» Assignment
Take the records below from their first line through the line holding "Pohovka Vienna od", and set each of those lines down exactly, without pictures.

____ Dataset records

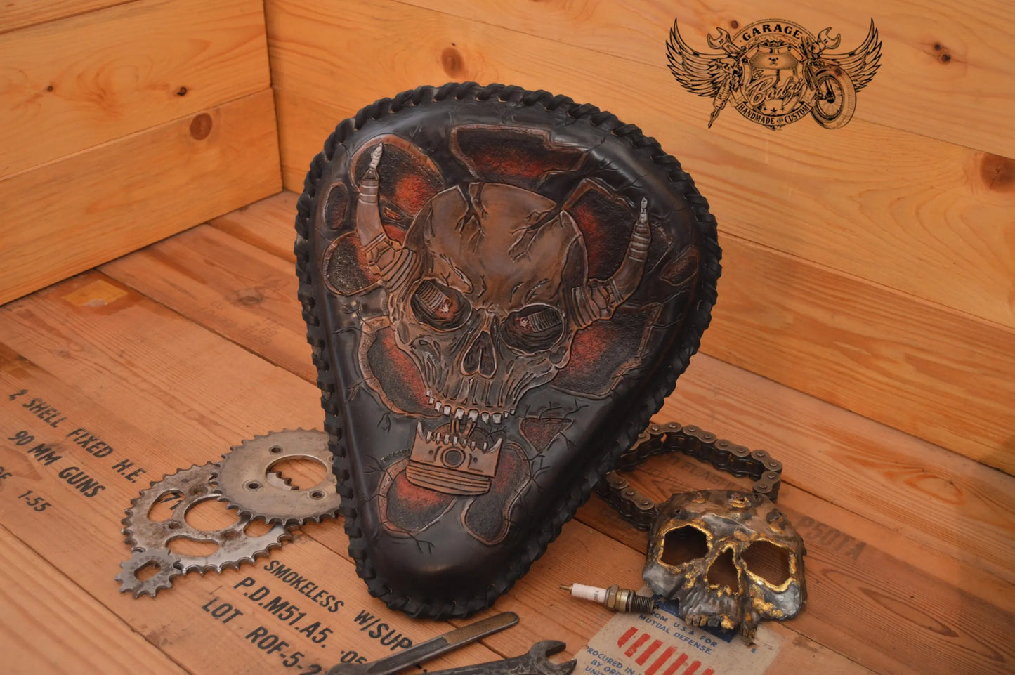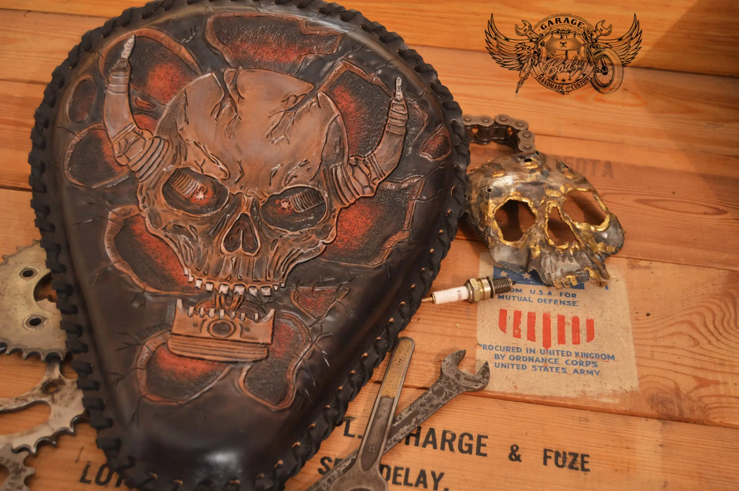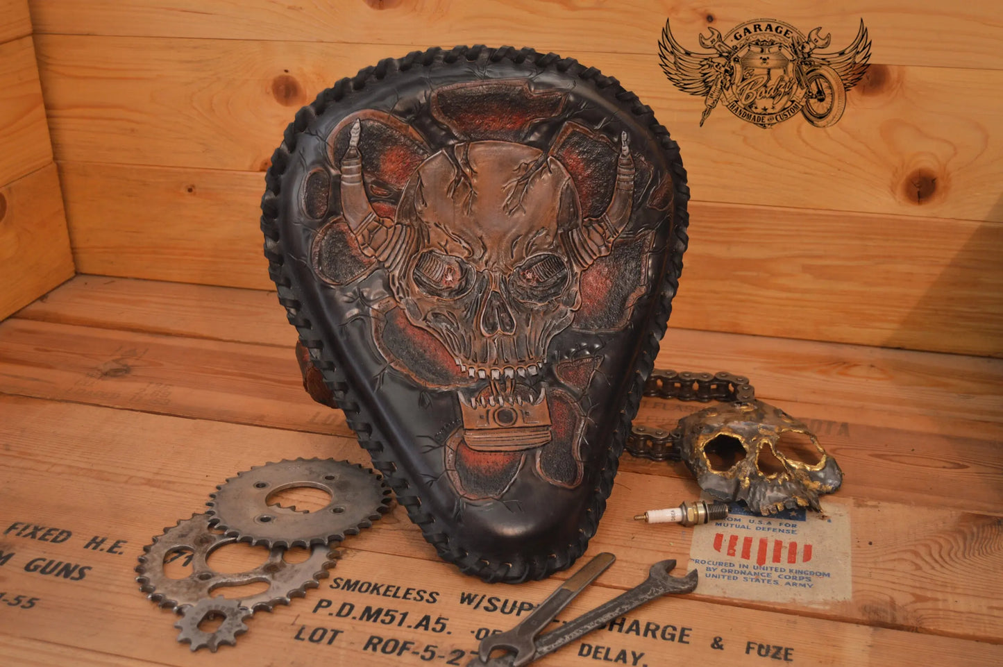 Skull & Piston Leather Motorcycle Solo Seat, made with full grain leather which we hand tooled. We dyed this seat in darker colors mostly with fully colored carved motifs. It is stitched with black waxed thread and laced with leather lace afterwards. We made the pan out of 3 mm thick steel sheets and welded M8 bolts to it.
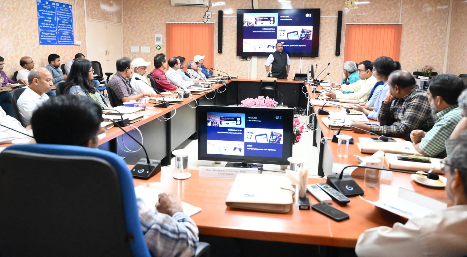 सोलापुर, 14 अक्टूबर 2025: एनटीपीसी सोलापुर में दिनांक 13 अक्टूबर 2025 को वरिष्ठ अधिकारियों के लिए संचार कार्यशाला का आयोजन किया गया। इस कार्यशाला का मुख्य उद्देश्य वरिष्ठ अधिकारियों को प्रभावी संवाद व मीडिया प्रबंधन के प्रति जागरूक करना था। इस कार्यशालाका संचालन सैय्यद रबी हाशमी, निदेशक, प्रेस सूचना ब्यूरो (मुंबई) तथा जयादेवी पुजारी स्वामी, उपनिदेशक, प्रेस सूचना ब्यूरो (मुंबई) द्वारा किया गया। दोनों वक्ताओं ने प्रतिभागियों के साथ जनसंचार के विभिन्न पहलुओं पर चर्चा कर, अपने अनुभव साझा किए।
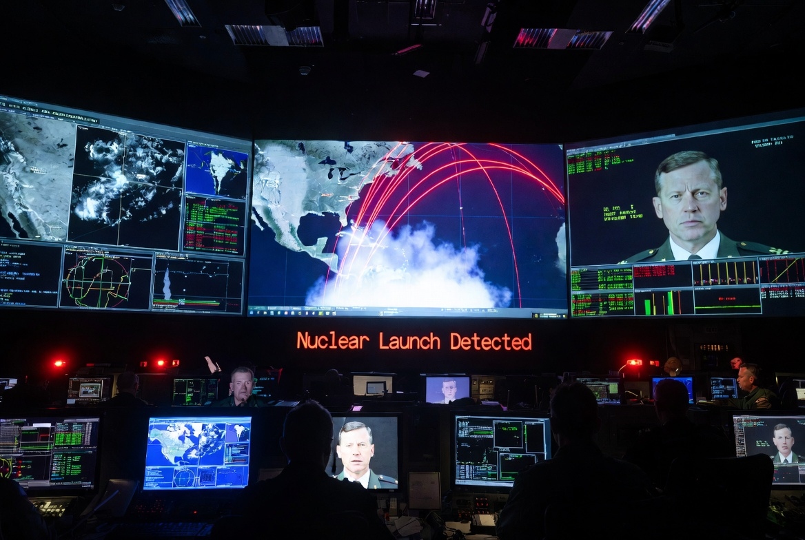 Nuclear alarm sounds at the underground command centers (Cheyenne Mountain, Offutt AFB).
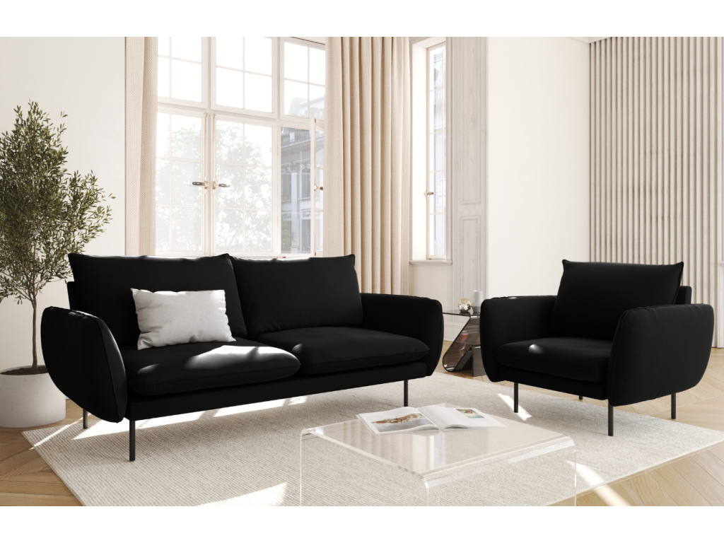 Pohovka Vienna od Cosmopolitan Design je poctou nadčasové eleganci, smyslu pro detail a dokonale vyváženým proporcím. Jemně tvarované opěrky, měkké polštáře a ladná silueta jí propůjčují lehkost, která zaujme na první pohled. Kontrastní černě lakovaná kovová podnož dodává celku vizuální vzdušnost a současně zajišťuje stabilitu. Luxusní sametový potah je nejen krásný na pohled, ale i příjemný na dotek – hladký, hebký a přirozeně elegantní. Na výběr je široká paleta pečlivě vybraných odstínů, které se snadno sladí s jemně minimalistickým interiérem i s odvážnějšími koncepty. Vienna vždy zapadne s lehkostí a zároveň dodá prostoru výraz. A protože každý domov má jiné potřeby, kolekce Vienna je k dispozici v několika velikostech – od kompaktních modelů ideálních do menších bytů až po velkorysé pohovky, na které se vejde celá rodina i s chlupatým parťákem.
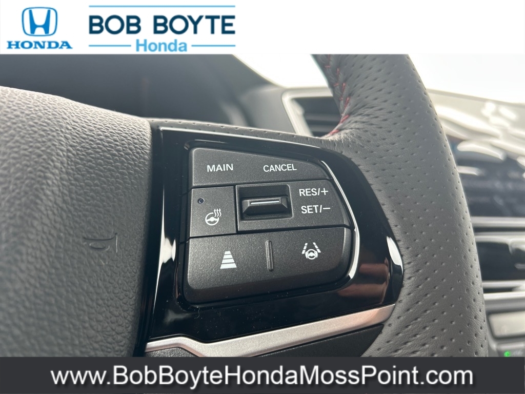 Dual front airbags, front seat mounted side-impact airbags, dual head curtain side-impact airbags with rollover sensor, four-wheel disc brakes with anti-lock, brake assist, electronic brake distribution, vehicle stability assist, traction control, hill start assist, rearview camera, daytime running lights, remote keyless entry, security system, push button engine start, Bluetooth hands free phone system, and tire pressure monitoring system with Tire Fill Assist and location/pressure indicators. RTS adds smart entry system, remote engine start, fog lights, and HomeLink remote system. RTL-T adds LED daytime running lights, Honda LaneWatch, HondaLink, and navigation system. RTL-E adds lane keeping assist system, adaptive cruise control, LED headlights with automatic high beam, blind spot information system with cross traffic monitor, collision mitigation braking system, forward collision warning, lane departure warning, road departure mitigation, and parking sensors.

________

» Written response
 Skull & Piston Leather Motorcycle Solo Seat, made with full grain leather which we hand tooled. We dyed this seat in darker colors mostly with fully colored carved motifs. It is stitched with black waxed thread and laced with leather lace afterwards. We made the pan out of 3 mm thick steel sheets and welded M8 bolts to it.
 सोलापुर, 14 अक्टूबर 2025: एनटीपीसी सोलापुर में दिनांक 13 अक्टूबर 2025 को वरिष्ठ अधिकारियों के लिए संचार कार्यशाला का आयोजन किया गया। इस कार्यशाला का मुख्य उद्देश्य वरिष्ठ अधिकारियों को प्रभावी संवाद व मीडिया प्रबंधन के प्रति जागरूक करना था। इस कार्यशालाका संचालन सैय्यद रबी हाशमी, निदेशक, प्रेस सूचना ब्यूरो (मुंबई) तथा जयादेवी पुजारी स्वामी, उपनिदेशक, प्रेस सूचना ब्यूरो (मुंबई) द्वारा किया गया। दोनों वक्ताओं ने प्रतिभागियों के साथ जनसंचार के विभिन्न पहलुओं पर चर्चा कर, अपने अनुभव साझा किए।
 Nuclear alarm sounds at the underground command centers (Cheyenne Mountain, Offutt AFB).
 Pohovka Vienna od Cosmopolitan Design je poctou nadčasové eleganci, smyslu pro detail a dokonale vyváženým proporcím. Jemně tvarované opěrky, měkké polštáře a ladná silueta jí propůjčují lehkost, která zaujme na první pohled. Kontrastní černě lakovaná kovová podnož dodává celku vizuální vzdušnost a současně zajišťuje stabilitu. Luxusní sametový potah je nejen krásný na pohled, ale i příjemný na dotek – hladký, hebký a přirozeně elegantní. Na výběr je široká paleta pečlivě vybraných odstínů, které se snadno sladí s jemně minimalistickým interiérem i s odvážnějšími koncepty. Vienna vždy zapadne s lehkostí a zároveň dodá prostoru výraz. A protože každý domov má jiné potřeby, kolekce Vienna je k dispozici v několika velikostech – od kompaktních modelů ideálních do menších bytů až po velkorysé pohovky, na které se vejde celá rodina i s chlupatým parťákem.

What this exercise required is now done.